Logan Riggs comments on Sparse autoencoders find composed features in small toy models

Logan Riggs 20 Mar 2024 22:09 UTC
1 point
0
Hey! Thanks for doing this research.
Lee Sharkey et al did a similar experiment a while back w/ much larger number of features & dimensions, & there were hyperaparameters that perfectly reconstructed the original dataset (this was as you predicted as N increases).
Hoagy still hosts a version of our replication here (though I haven’t looked at that code in a year!).
- Evan Anders 21 Mar 2024 18:00 UTC
  3 points
  2
  Parent
  Hi Logan! Thanks for pointing me towards that post—I’ve been meaning to get around to reading it in detail and just finally did. Glad to see that the large-N limit seems to get perfect reconstruction for at least one similar toy experiment! And thanks for sharing the replication code.

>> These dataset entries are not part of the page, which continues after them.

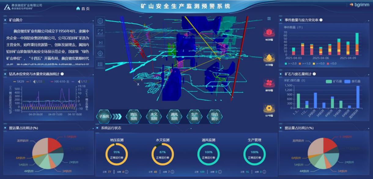 应用于新疆有色金属工业(集团)有限责任公司、云南驰宏锌锗股份有限公司、中国有色矿业集团有限公司等集团及下属矿山,实现了地、测、采、选、安环等多源数据协同与联动,形成了“分级负责、垂直管控、联防联控”的透明化管控模式
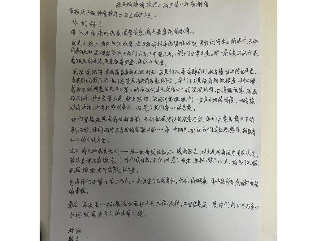 (洪丽利报道)1月16日下午,江西省肿瘤医院头颈肿瘤放疗科二病区收到一封满含深情的感谢信。字里行间,满溢着对该病区医护团队精湛医术与暖心护理的由衷感激。
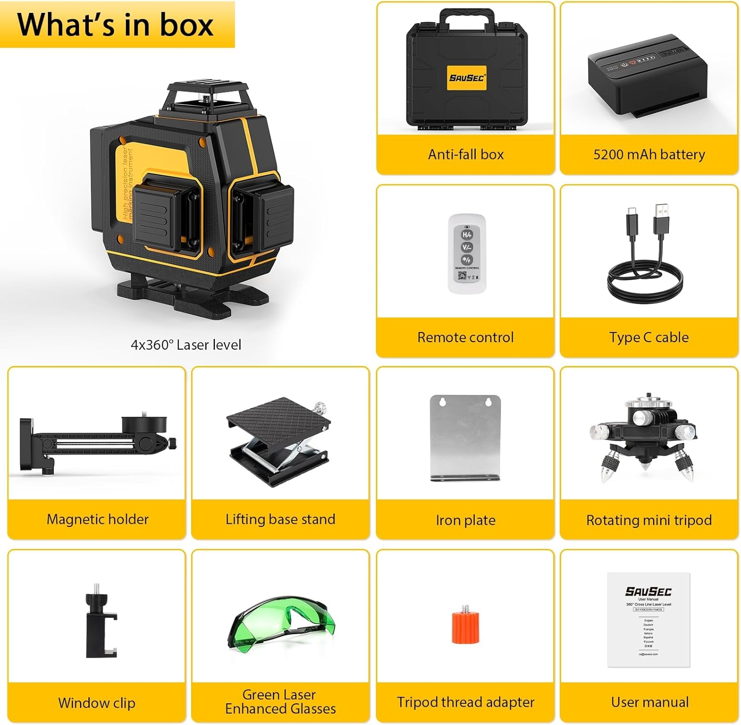 | Included Components | 1 x SV-Y04CG laser level, 1x magnetic wall brakect; 1x iron plate; 1x lifting platform; 1x 360° ratoting mini tripod; 1x window clip; 1x threaded conversion adapter, 1 x Green Laser Enhancement Glasses, 1 x Type-C Power Cord, 1 x 5200mAh Li-ion Battery, 1 x Hard Carrying Case, 1 x Product Manual. |
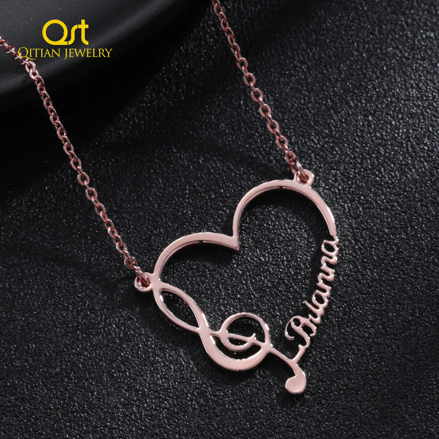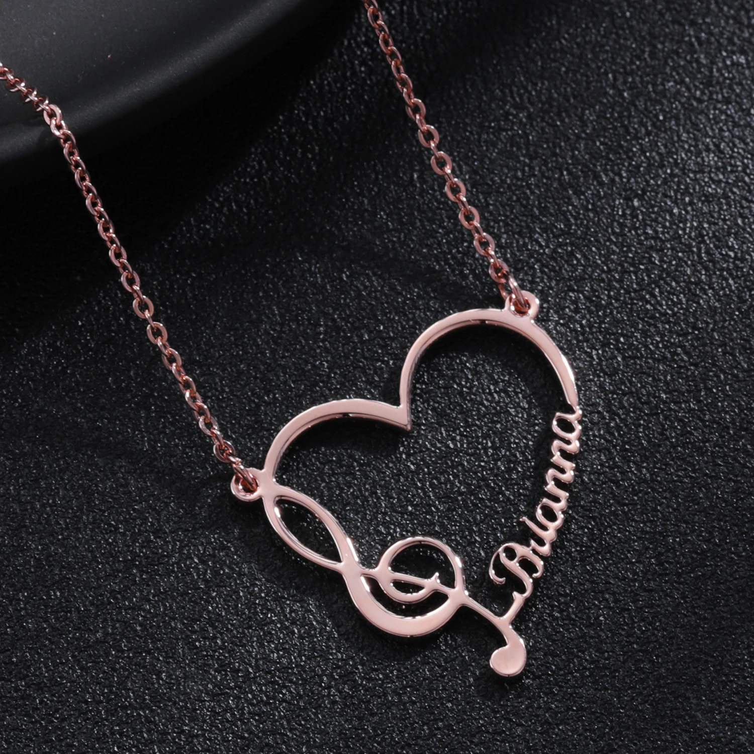Элегантный кулон в форме сердца с именем, персонализированное женское ожерелье, музыкальный подарок на день рождения, музыкальная академия, технические подарки
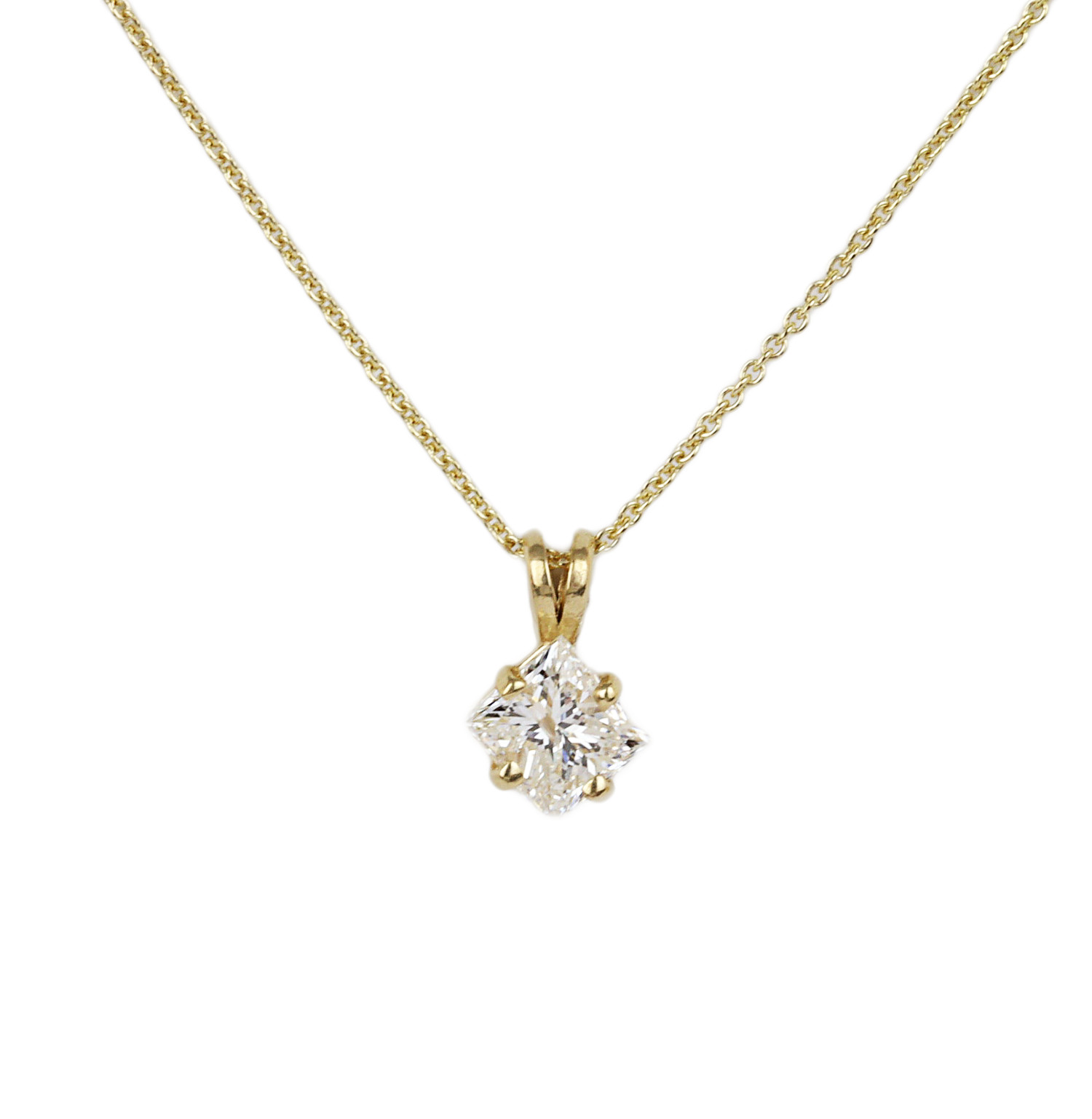 14k yellow gold necklace with a 0.70 carat princess cut diamond solitaire pendant (I1 clarity/G-H-I color). The chain is 16″ long, the pendant measures 11mm tall, and total weight is 1.9 grams.
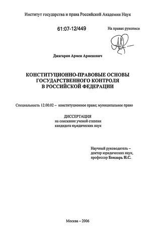 - Государственный контроль как конституционная категория: теоретико-правовые основы исследования
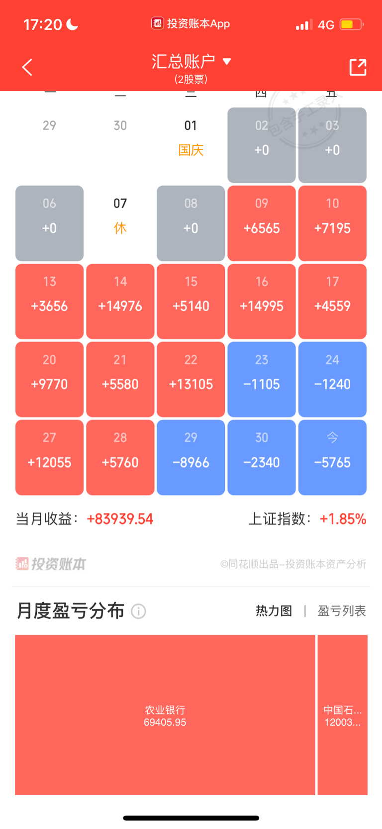 感谢农行石化,本金走了以后连续大跌三天,避免了一些本金损失,这个月收益历史新高,
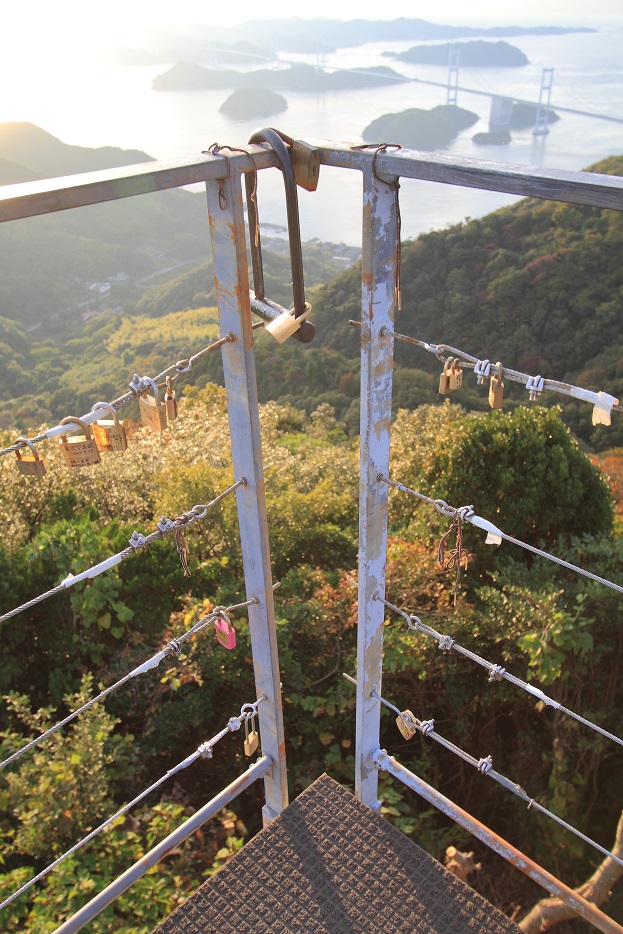 亀老山展望公園に来た人は、訪れた記念に展望台の手すりに錠前を付ける。

  I’m particularly keen to learn a bit more about the correlated features—did you (or do you know of anyone) who has studied toy models where they have a few features that are REALLY correlated with one another, and that basically never appear with other features? I’m wondering if such features could bring back the problem that we saw here, even in a very high-dimensional model / dataset. Most of the metrics in that post are averaged over all features, so don’t really differentiate between correlated or not, etc.
  - Logan Riggs 22 Mar 2024 4:17 UTC
    3 points
    1
    Parent
    Agreed. You would need to change the correlation code to hardcode feature correlations, then you can zoom in on those two features when doing the max cosine sim.